Karen Masters, manager, Emergency Response Service, Reading Scientific Services, looks at recent contaminant scares in the food manufacturing sector, such as melamine, and the lessons that can be learned.
If the recent scandal of melamine contamination proves anything, it is that the food processing industry, and other sectors, must always be prepared for the unexpected. For that matter, the same conclusion could be drawn from any of the food and pharmaceutical scares involving other chemicals such as bisphenol A (BPA), acrylamide, sudan red, diethylene glycol, and semicarbazide.
Of course, preparing for the unexpected is never easy. Routine screening cannot pick out every potential contaminant, and the sheer variety of potential contaminants and ‘routes of entry’ means it is impossible to guard against them all. That said, a company can be prepared to the extent of building its own analytical capability or partnering with external laboratories that can alert it to potential/known dangers and provide expertise in developing methods for detecting whatever contaminants may come to light.

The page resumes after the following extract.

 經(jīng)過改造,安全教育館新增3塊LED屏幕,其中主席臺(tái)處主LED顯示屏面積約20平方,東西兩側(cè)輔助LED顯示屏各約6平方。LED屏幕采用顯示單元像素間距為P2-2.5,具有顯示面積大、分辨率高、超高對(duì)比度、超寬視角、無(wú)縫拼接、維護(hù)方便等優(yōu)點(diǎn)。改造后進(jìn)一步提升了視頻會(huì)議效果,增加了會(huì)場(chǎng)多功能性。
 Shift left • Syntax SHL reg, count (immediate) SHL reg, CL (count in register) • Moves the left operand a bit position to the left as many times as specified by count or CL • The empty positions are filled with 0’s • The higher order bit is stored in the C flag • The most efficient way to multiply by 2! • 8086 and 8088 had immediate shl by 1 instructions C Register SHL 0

The melamine danger first emerged, not with the contaminated milk powder that gained all the headlines, but with contaminated pet food. On March 15, 2007, the USFDA reported that certain pet foods were sickening and killing cats and dogs. The FDA found melamine and cyanuric acid in vegetable proteins imported into the US from China, which were being used as ingredients in pet food.
A portion of the tainted pet food was also used to produce feed for farm animals, and some of these animals were processed into human food. While US Government scientists determined that there was very low risk to human health from consuming these animals, they called for all tainted feeds and vegetable proteins to be recalled and destroyed. Regrettably, the fact that melamine had killed cats and dogs did not stop it being added to milk, with disastrous consequences for consumers and for the food industry. Prosecutions have recently taken place in China with two men receiving a death sentence for their part in the scandal.

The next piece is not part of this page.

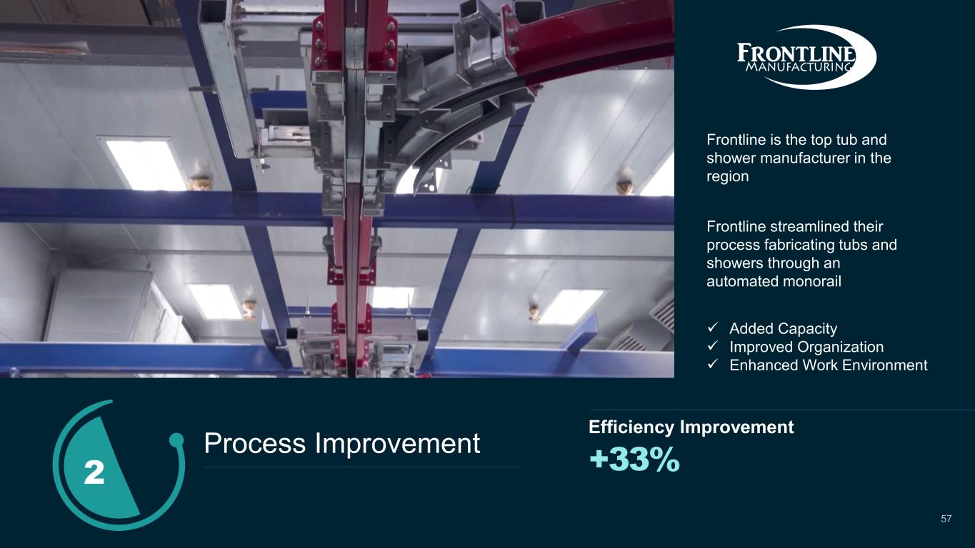 Frontline streamlined their process fabricating tubs and showers through an automated monorail +33% Efficiency Improvement  Added Capacity  Improved Organization  Enhanced Work Environment 2 Process Improvement Frontline is the top tub and shower manufacturer in the region 57

The first product found to be affected was powdered milk used in infant formulations. However, it rapidly became apparent that milk, milk beverages, yoghurt, ice cream, chocolate and ice cream bars were also contaminated. Many companies were forced to withdraw or recall products, especially in Asian markets, while the regulators in Europe and the US sought to implement rapid solutions to prevent contaminated supplies from entering local markets.
Melamine is an organic base used in plastics and resins, and it is banned in food. However, unscrupulous traders realised that melamine could be added to watered-down milk products to make them appear to contain more protein than they actually do. Melamine is a compound rich in nitrogen, and since a standard test for protein typically relies on measuring nitrogen levels, the addition of melamine represented a cheap but highly dangerous way of artificially appearing to boost the protein content.

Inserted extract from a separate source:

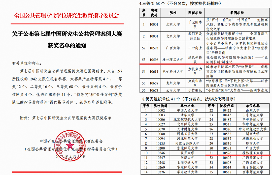 据悉,中国研究生公共管理案例大赛由教育部学位管理与研究生教育司指导,中国学位与研究生教育学会、中国科协青少年科技中心及全国公共管理专业学位研究生教育指导委员会联合举办。大赛旨在引导我国研究生关注公共管理实际问题,提高其运用相关理论和方法解决实际问题的能力,同时在公共管理高等教育中推广案例教学方法,增进高等院校与实践部门互动。

It is not only melamine that has been used for this purpose. Other nitrogen-rich chemicals such as cyanuric acid and related compounds have been similarly implicated. It is the specific combination of cyanuric acid and melamine that many believe to be the main reason why so many pets died in the US cases referred to above. When cyanuric acid and melamine react, they form a precipitate, and it is possible this accumulated in the kidneys of the animals, causing their deaths.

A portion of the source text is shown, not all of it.